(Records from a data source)

######

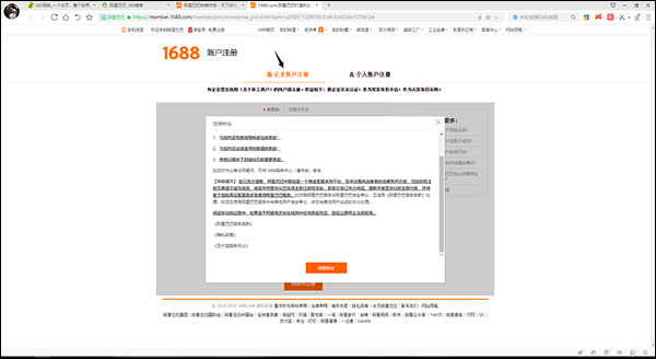 5、选择企业账户注册,点击同意协议。
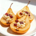 A cozy and elegant baked pear dish combining the sweetness of honey, tartness of cranberries, and the salty creaminess of feta cheese, perfect for a fall or winter dessert or appetizer.
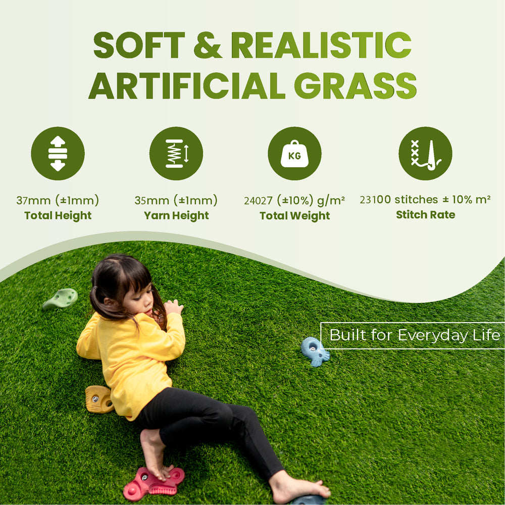 This turf is both pet and child friendly, making it a practical solution for family gardens. Available in 2m, 4m, and 5m widths, London 35mm simplifies installation across various surfaces and outdoor spaces.
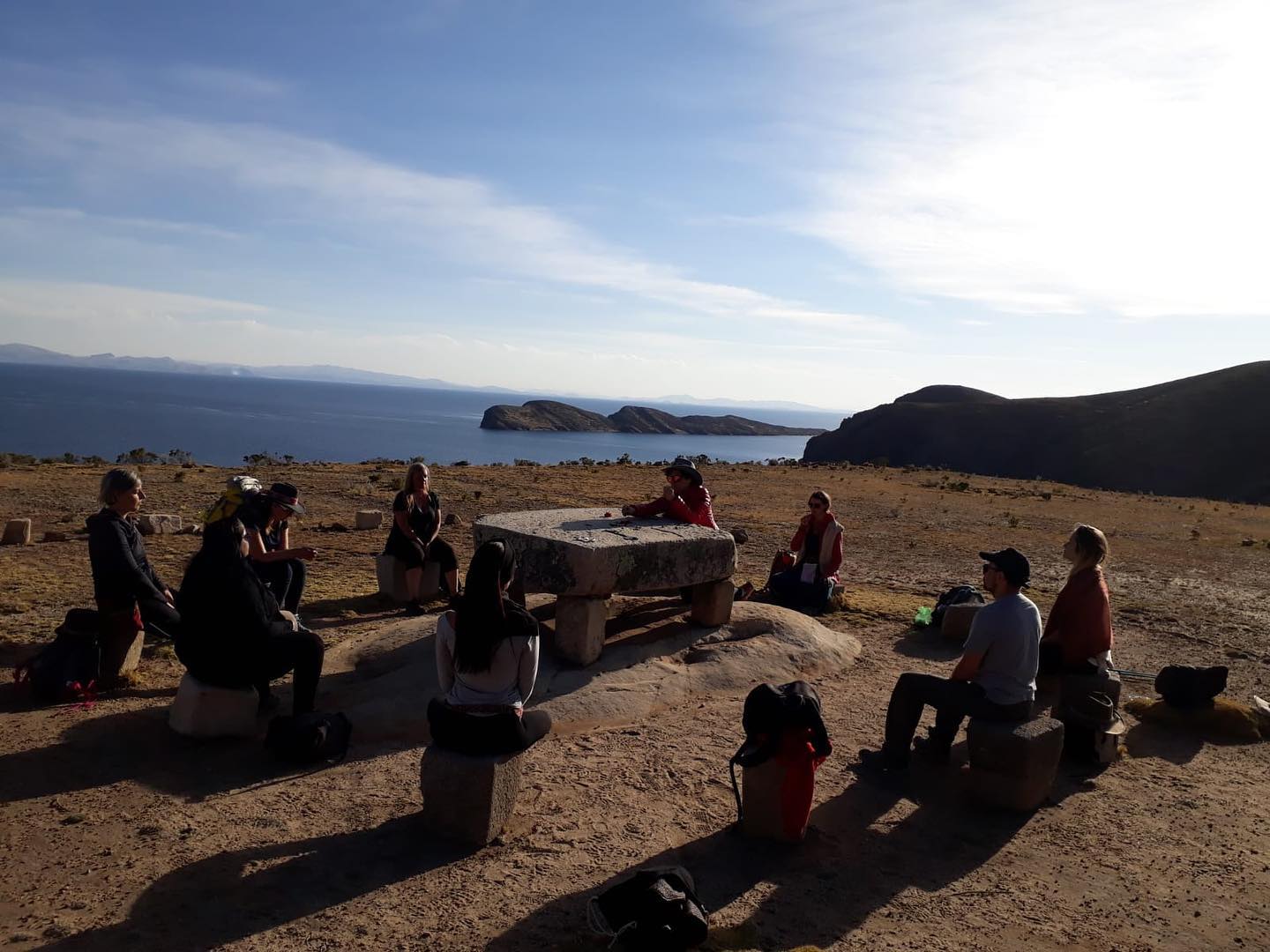 Gruppo di esploratori in preghiera: “Templo del sol”. Lago Titicaca Bolivia, Isola del Sol.
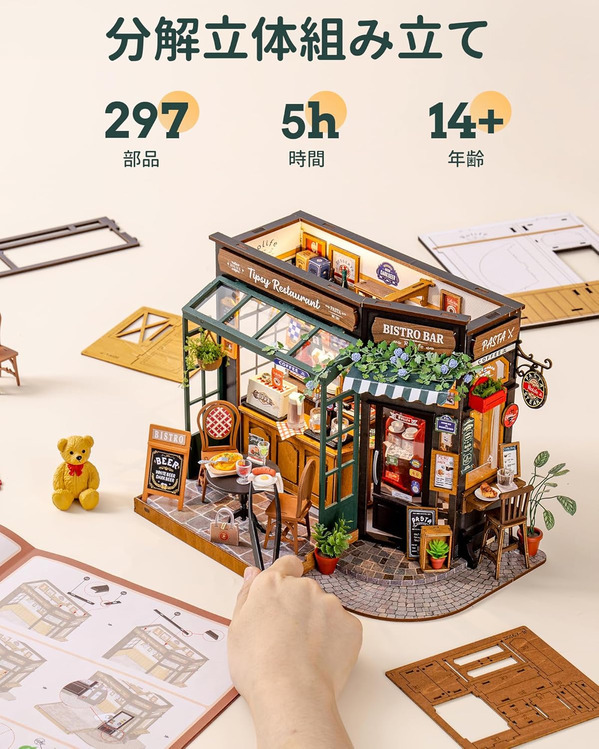 Rolife DIY Miniature House Kit for Adults, Mini Wooden Dollhouse Kit to Build, Bakery Tiny House Miniatures Diorama Building Kits-Birthday Christmas Craft Hobbies Gift for Teens Kids(Tipsy Restaurant)
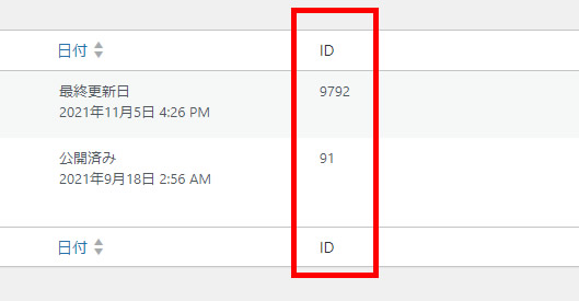 使用しているテーマによっては、固定ページ一覧のカラムに「ID」が表示されているかもしれません。その場合は表示されている数値をそのまま使うと良いでしょう。
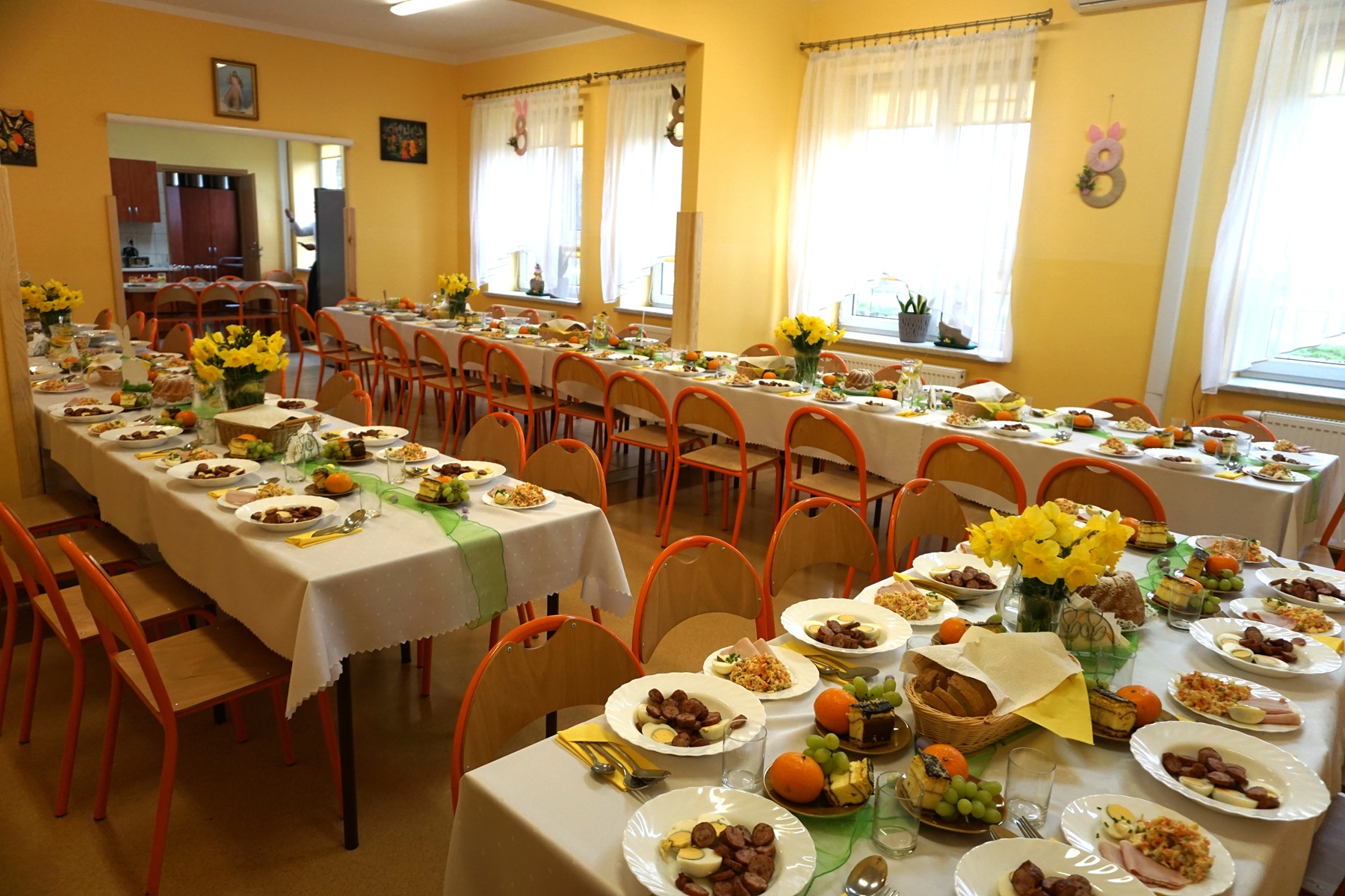 Trwając w oktawie wielkanocnej w dniu 9 kwietnia 2026r. w naszej placówce odbyło się uroczyste śniadanie wielkanocne. Tego dnia towarzyszyli nam zaproszeni goście, a na stołach nie zabrakło tradycyjnych, pysznych potraw.

######

Your goal
Copy nothing but the lines from the line holding "This turf is" through the last line of the entries, exactly, while leaving out the pictures.

Task answer
 This turf is both pet and child friendly, making it a practical solution for family gardens. Available in 2m, 4m, and 5m widths, London 35mm simplifies installation across various surfaces and outdoor spaces.
 Gruppo di esploratori in preghiera: “Templo del sol”. Lago Titicaca Bolivia, Isola del Sol.
 Rolife DIY Miniature House Kit for Adults, Mini Wooden Dollhouse Kit to Build, Bakery Tiny House Miniatures Diorama Building Kits-Birthday Christmas Craft Hobbies Gift for Teens Kids(Tipsy Restaurant)
 使用しているテーマによっては、固定ページ一覧のカラムに「ID」が表示されているかもしれません。その場合は表示されている数値をそのまま使うと良いでしょう。
 Trwając w oktawie wielkanocnej w dniu 9 kwietnia 2026r. w naszej placówce odbyło się uroczyste śniadanie wielkanocne. Tego dnia towarzyszyli nam zaproszeni goście, a na stołach nie zabrakło tradycyjnych, pysznych potraw.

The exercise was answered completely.